Kami bersantai di Puncak jam delapan pagi, turun ke Pos 6, menyiapkan makan siang untuk dibawa, membereskan tenda dan packing. Kami sempat kaget karena ada tenda lain di dekat kami yang cuma terdiri dari tenda tanpa rangka. Itu tidurnya di dalam bagaimana ya, pikir saya. Abi dan Nopri yang sudah lebih dulu selesai packing, pamit untuk turun duluan dan kami berjanji untuk bertemu di Pos 1 saja untuk sama-sama naik pick-up ke Terminal Maja.

Butuh waktu empat jam untuk turun dari Pos 6 ke Pos 1, itu pun sudah berjalan cepat bahkan setengah berlari. Sedap banget rasanya dengkul begitu sudah sampai di Pos 1. Sempat kecapean juga pas di jalur turun dan kami bobok di jalur. Sepanjang jalan turun kami hanya berjumpa pendaki lain di Pos 5 dan Pos 2. Sisanya kita cuma berdua di jalur dan pas kabut turun berasa lagi ada di film “Silent Hill”.

Sampai di Pos 1, sampah kami diperiksa dan setelah membereskan administrasi, kami mendapatkan sertifikat dan badge dari Taman Nasional Gunung Ciremai. Asooooyyy… Ternyata kalau dulu, biaya pendakian sebesar Rp 50.000,- itu sudah termasuk compliment satu kali makan dan es teh manis, namun kini diganti dengan sertifikat. Lucu juga ya, seumur-umur saya naik gunung tidak pernah dapat “hadiah”. Rasanya jadi gimana gitu…

Jadi, kalian mau mendaki gunung yang katanya mistis ini? Tenang, selama kita berniat baik dan tidak macam-macam di alam, niscaya kita akan aman dan selamat. Jangan lupa berdoa ya.

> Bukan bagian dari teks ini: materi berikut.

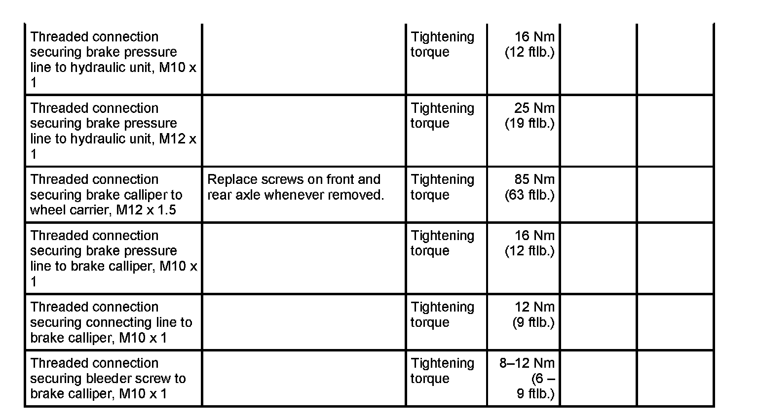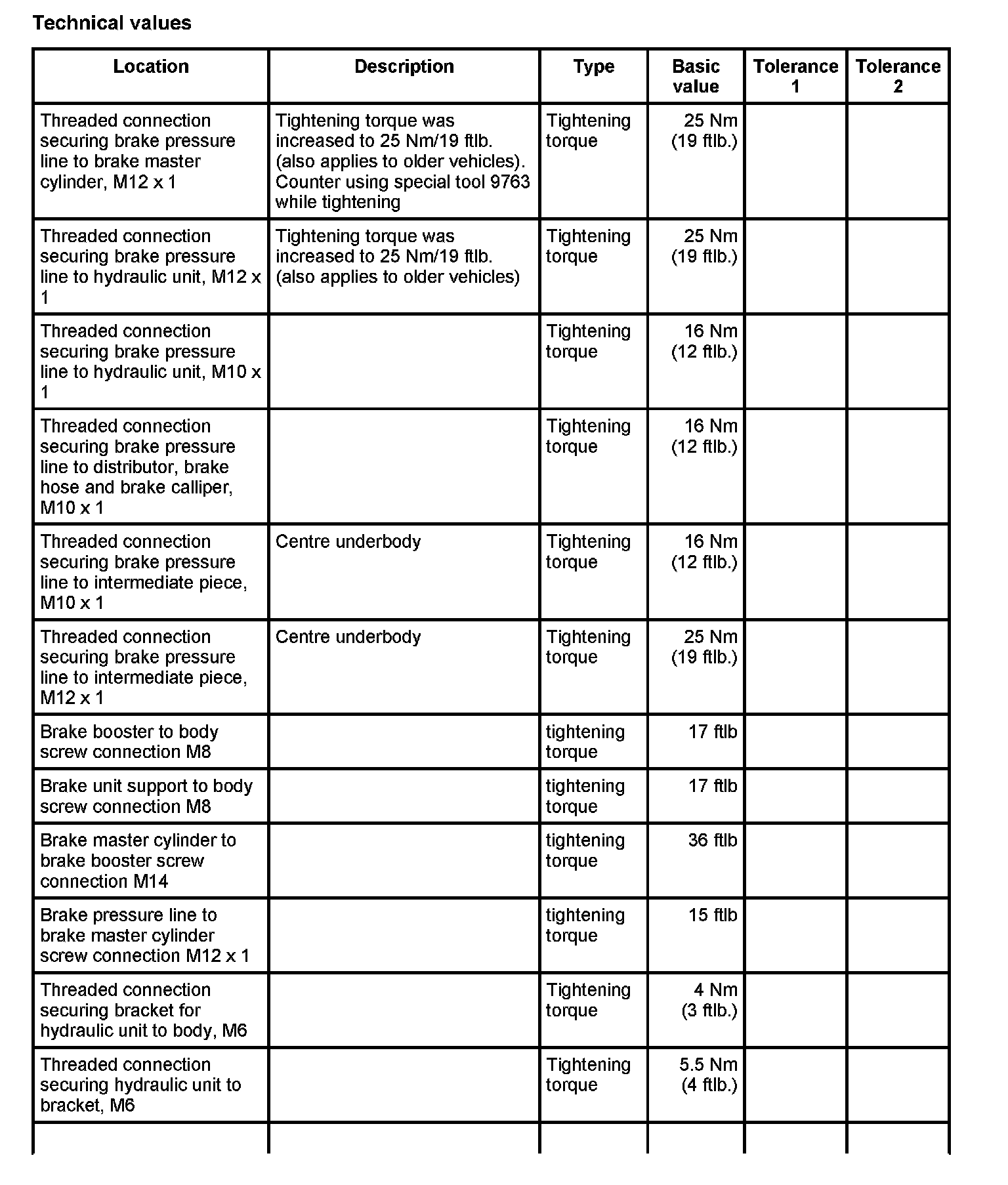 Tightening torques for brake hydraulics

Beberapa hal yang perlu diperhatikan saat mendaki Ciremai :

  • Transportasi ke Basecamp Apuy, bisa naik bus dari Kampung Rambutan dengan jurusan Garut / Tasikmalaya, turun di Cileunyi, lanjut naik elf jurusan Bandung – Cikijing dengan ongkos sekitar Rp 20.000,-, turun di Terminal Maja.
  • Bawa persiapan air yang cukup karena tidak ada sumber air di jalur. Minimal 2 botol x 1,5 liter per orang untuk pendakian 2 hari 1 malam. Jika harinya lebih, ya bawa airnya lebih banyak.
  • Biaya pendakian Ciremai via Apuy adalah Rp 50.000,- per orang. Begitu juga dengan jalur Linggarjati dan Palutungan. 
  • Dulu orang-orang percaya bahwa tidak boleh buang air kecil di tanah dan harus di botol. Tapi sayangnya sang emppunya tidak mau membawa turun dan malah jadi nyampah kan. Tidak apa-apa untuk buang air di tanah asal permisi pamit dulu ya dan jangan buang air di jalur ya.